[[ Information shown open ]]

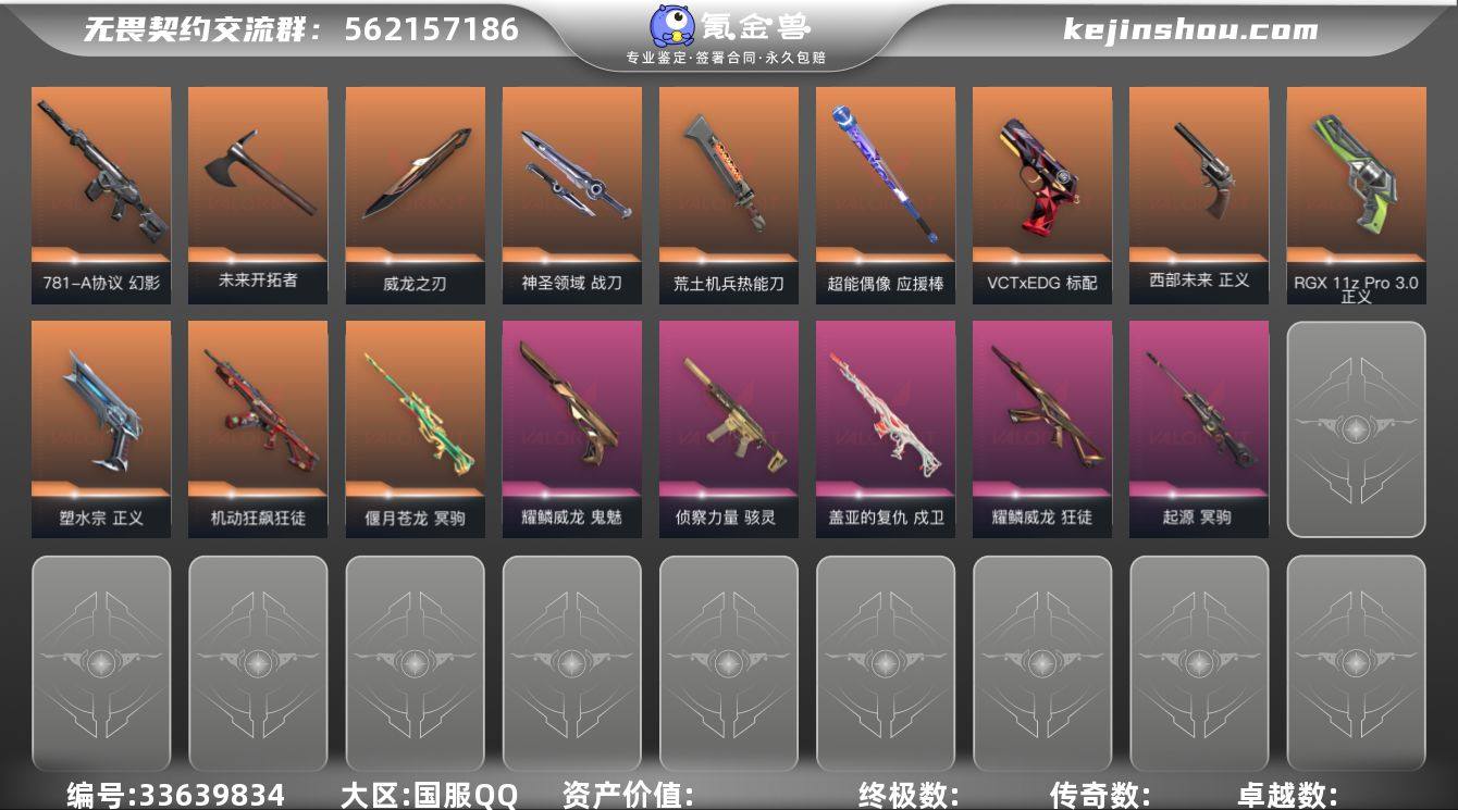 XSQY58【RGX3.0套 EDG套 西部未来套 耀鳞威龙套装】【游戏等级】Lv175 【段位】 黄金I 【R点】1,370 【皮肤总价值】39,540 【英雄数量】24 【皮肤数量】115 【挂饰数量】118 【卡面数量】160 【喷漆数量】155 【标配】标配-星际猎兵 标配-荒土机兵 标配-VCTxEDG 标配-浮光跃金 标配-超能偶像 标配-战术熊与伙伴们 标配-光导纤维 【近战武器】近战武器-神圣领域战刀 近战武器-未来开拓者 近战武器-荒土机兵热能刀 近战武器-超限闪存匕首 近战武器-超能偶像应援棒 近战武器-RGX11zPro//3.0爪刀 近战武器-流星兵团短剑 近战武器-珍珠棘贝短剑 近战武器-钢轨卫士战锤 近战武器-威龙之刃 【鬼魅】鬼魅-星云暗涌 鬼魅-模拟赫兹 鬼魅-采蜜小蜂队 鬼魅-流星兵团 鬼魅-光导纤维 鬼魅-耀鳞威龙 【冥驹】冥驹-星云暗涌 冥驹-荒土机兵 冥驹-起源 冥驹-模拟赫兹 冥驹-偃月苍龙 冥驹-复古浪潮 【戍卫】戍卫-月球哨兵 戍卫-逆冲蛮牛 戍卫-浮光跃金 戍卫-超能偶像 戍卫-盖亚的复仇 戍卫-战术熊与伙伴们 戍卫-珍珠棘贝 戍卫-钢轨卫士 【幻影】幻影-西部未来 幻影-神圣领域 幻影-纳米打击 幻影-超限闪存 幻影-聚合之力 幻影-珍珠棘贝 幻影-781-A协议 幻影-战术小伙伴 【飞将】飞将-西部未来 飞...
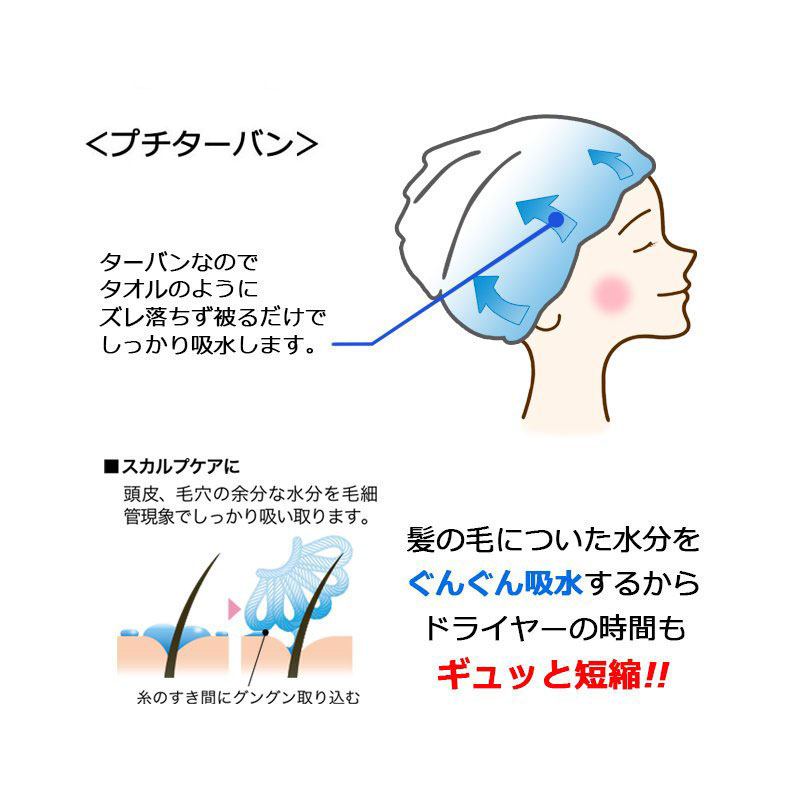 素材には、吸水抜群の撚糸『エアーかおる』を使用。水分が『エアーかおる』のパイルに触れた途端、スッと空気のすき間に吸収。 ハンドフリーで髪をタオルドライ。ドライヤーの時短にぴったりのアイテム。
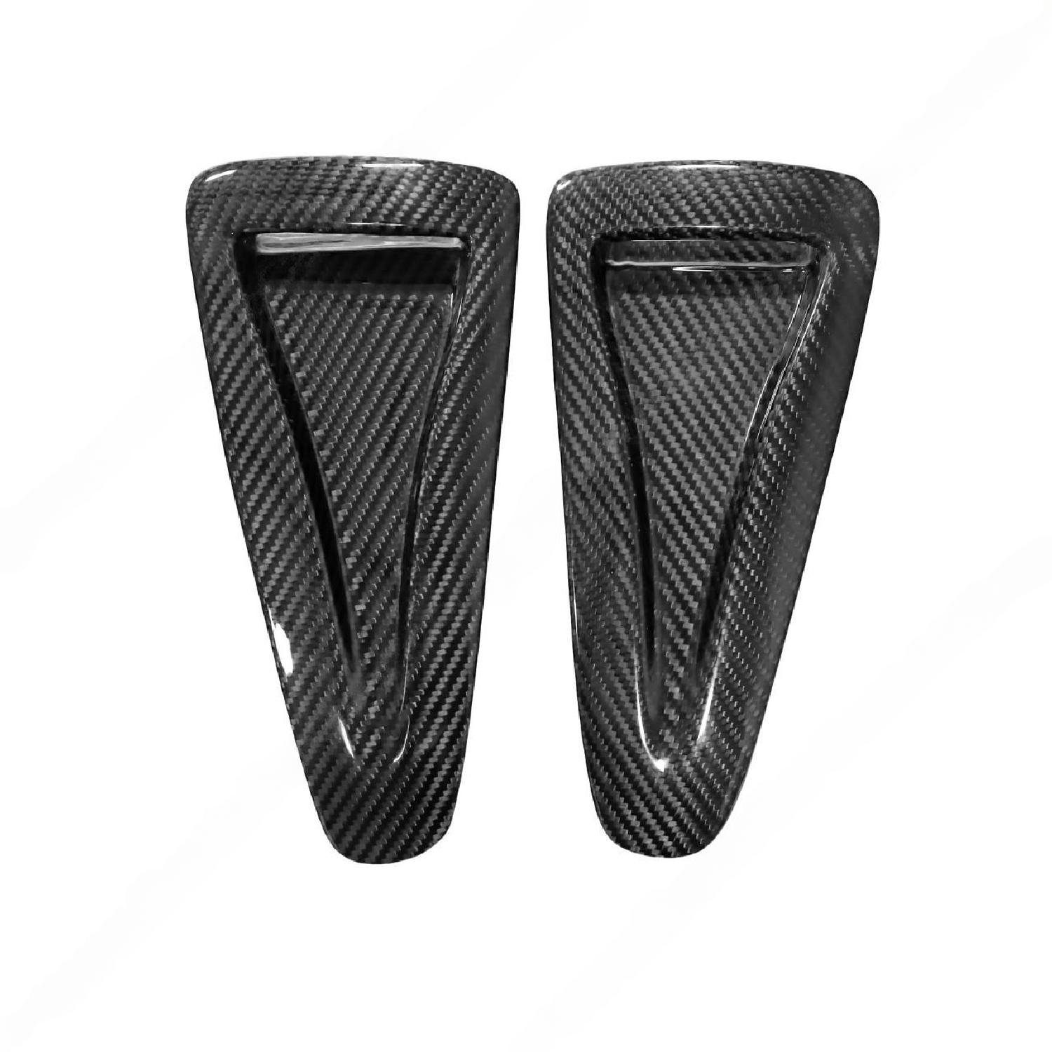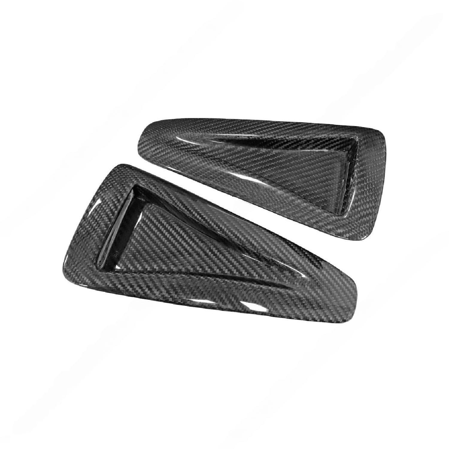 Exotic Car Gear Carbon Fiber Hood Vents for the R35 Nissan GT-R combine style and functionality. Made from premium carbon fiber, they improve engine cooling and optimize airflow for better performance. Their lightweight, durable construction enhances handling and acceleration without added weight. A high-gloss finish resists UV damage, maintaining a striking appearance. The race-inspired design complements the GT-R’s bold lines, delivering a dynamic and sporty aesthetic.
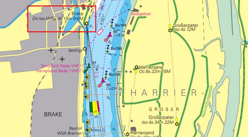 Angaben: Die Richtfeuer und die Richtfeuerlinie sind zu streichen.
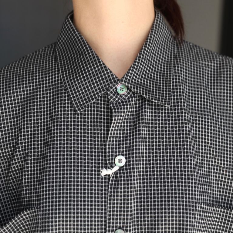 ストレッチ性が高く着心地も抜群、そして着用時のしわなどの形態変化も少なく、イージーケア性も高いのが魅力的です。ハリ感、光沢感、イージーケアを持ち併せた同ブランドにしかできないニュースタンダードシャツ地。素材のハリ感、光沢感、そして塩梅の良いシルエット、生地が生み出すドレッシー感とパターンを融合させた、唯一無二のシャツ。袖のギャザーなどよりドレスなディティールに仕上げております。タッターソールチェックを採用。
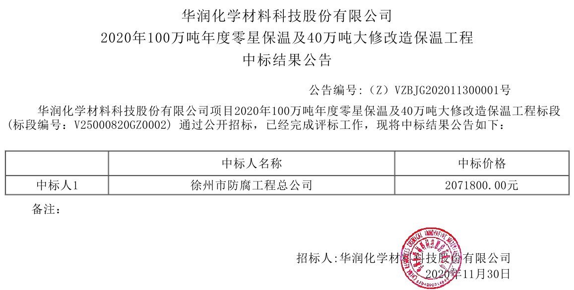 移動版:2020年100萬噸年度零星保溫及40萬噸大修改造保溫工程中標結(jié)果公告
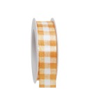 Cinta tèxtil taronja amb quadrícules grans d'estil VICHY, ideal per a decoracions de rams de flors, casaments, llaços, etc. Proveïdors de complements per a floristeries i altres comerços. Proveïdors de cintes de qualitat decoratives de la millor qualitat.
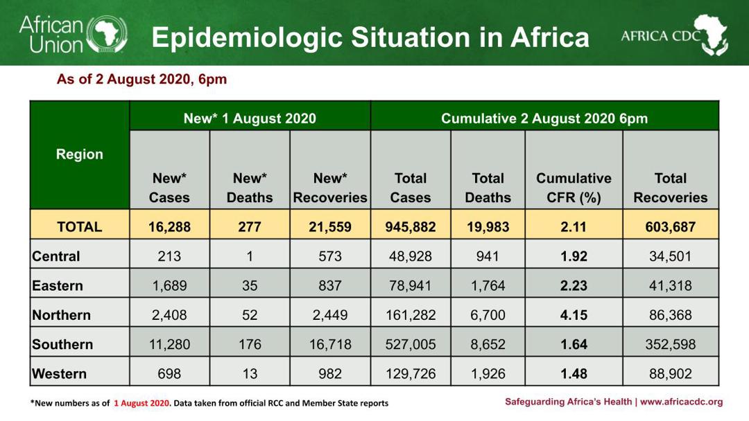 African Union Member States (55) reporting COVID-19 cases (945,882), deaths (19,983), and recoveries (603,687) by region:
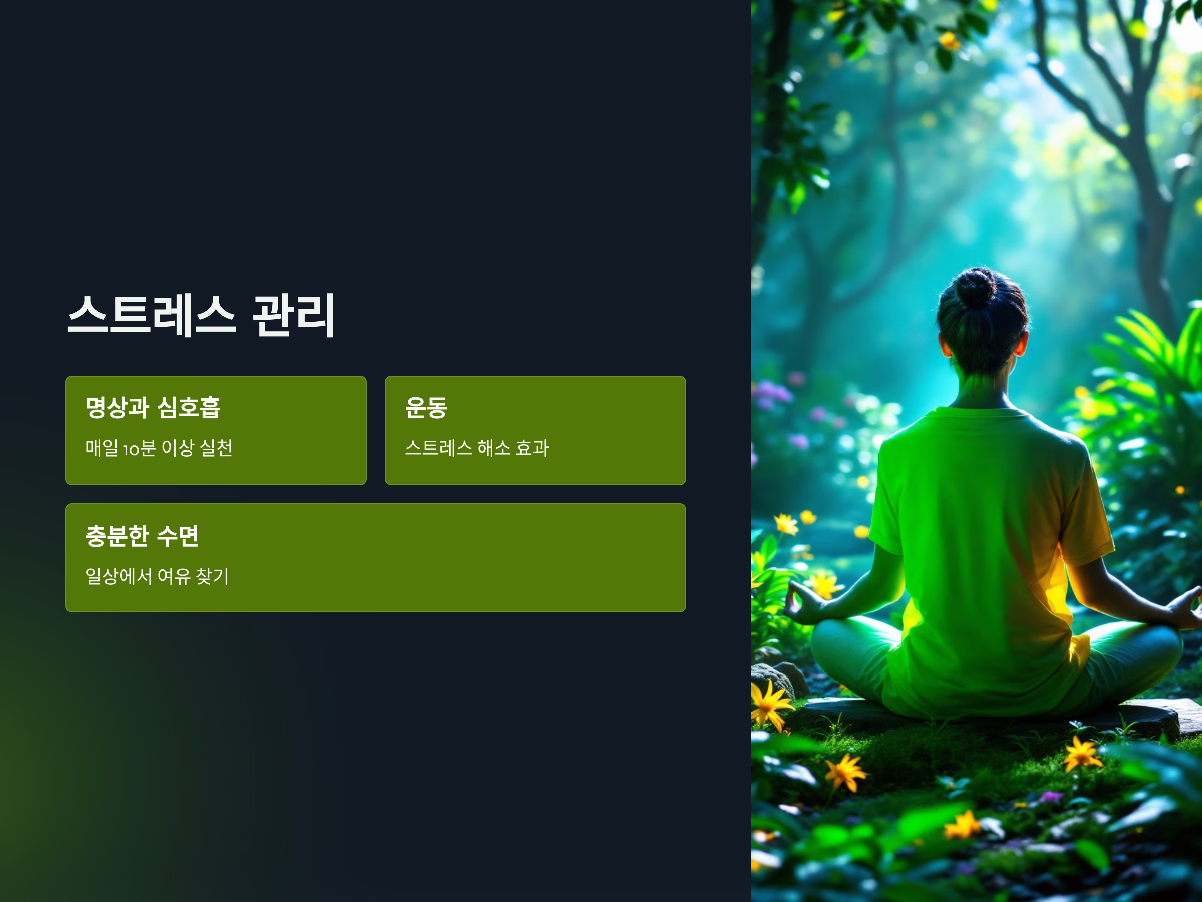 - 매일 10분 이상 심호흡이나 명상 시간을 갖습니다.

[[ Information shown closed ]]

Prompt.
Now write out the data word for word, skipping every picture in it.

Solution to the exercise.
 XSQY58【RGX3.0套 EDG套 西部未来套 耀鳞威龙套装】【游戏等级】Lv175 【段位】 黄金I 【R点】1,370 【皮肤总价值】39,540 【英雄数量】24 【皮肤数量】115 【挂饰数量】118 【卡面数量】160 【喷漆数量】155 【标配】标配-星际猎兵 标配-荒土机兵 标配-VCTxEDG 标配-浮光跃金 标配-超能偶像 标配-战术熊与伙伴们 标配-光导纤维 【近战武器】近战武器-神圣领域战刀 近战武器-未来开拓者 近战武器-荒土机兵热能刀 近战武器-超限闪存匕首 近战武器-超能偶像应援棒 近战武器-RGX11zPro//3.0爪刀 近战武器-流星兵团短剑 近战武器-珍珠棘贝短剑 近战武器-钢轨卫士战锤 近战武器-威龙之刃 【鬼魅】鬼魅-星云暗涌 鬼魅-模拟赫兹 鬼魅-采蜜小蜂队 鬼魅-流星兵团 鬼魅-光导纤维 鬼魅-耀鳞威龙 【冥驹】冥驹-星云暗涌 冥驹-荒土机兵 冥驹-起源 冥驹-模拟赫兹 冥驹-偃月苍龙 冥驹-复古浪潮 【戍卫】戍卫-月球哨兵 戍卫-逆冲蛮牛 戍卫-浮光跃金 戍卫-超能偶像 戍卫-盖亚的复仇 戍卫-战术熊与伙伴们 戍卫-珍珠棘贝 戍卫-钢轨卫士 【幻影】幻影-西部未来 幻影-神圣领域 幻影-纳米打击 幻影-超限闪存 幻影-聚合之力 幻影-珍珠棘贝 幻影-781-A协议 幻影-战术小伙伴 【飞将】飞将-西部未来 飞...
 素材には、吸水抜群の撚糸『エアーかおる』を使用。水分が『エアーかおる』のパイルに触れた途端、スッと空気のすき間に吸収。 ハンドフリーで髪をタオルドライ。ドライヤーの時短にぴったりのアイテム。
 Exotic Car Gear Carbon Fiber Hood Vents for the R35 Nissan GT-R combine style and functionality. Made from premium carbon fiber, they improve engine cooling and optimize airflow for better performance. Their lightweight, durable construction enhances handling and acceleration without added weight. A high-gloss finish resists UV damage, maintaining a striking appearance. The race-inspired design complements the GT-R’s bold lines, delivering a dynamic and sporty aesthetic.
 Angaben: Die Richtfeuer und die Richtfeuerlinie sind zu streichen.
 ストレッチ性が高く着心地も抜群、そして着用時のしわなどの形態変化も少なく、イージーケア性も高いのが魅力的です。ハリ感、光沢感、イージーケアを持ち併せた同ブランドにしかできないニュースタンダードシャツ地。素材のハリ感、光沢感、そして塩梅の良いシルエット、生地が生み出すドレッシー感とパターンを融合させた、唯一無二のシャツ。袖のギャザーなどよりドレスなディティールに仕上げております。タッターソールチェックを採用。
 移動版:2020年100萬噸年度零星保溫及40萬噸大修改造保溫工程中標結(jié)果公告
 Cinta tèxtil taronja amb quadrícules grans d'estil VICHY, ideal per a decoracions de rams de flors, casaments, llaços, etc. Proveïdors de complements per a floristeries i altres comerços. Proveïdors de cintes de qualitat decoratives de la millor qualitat.
 African Union Member States (55) reporting COVID-19 cases (945,882), deaths (19,983), and recoveries (603,687) by region:
 - 매일 10분 이상 심호흡이나 명상 시간을 갖습니다.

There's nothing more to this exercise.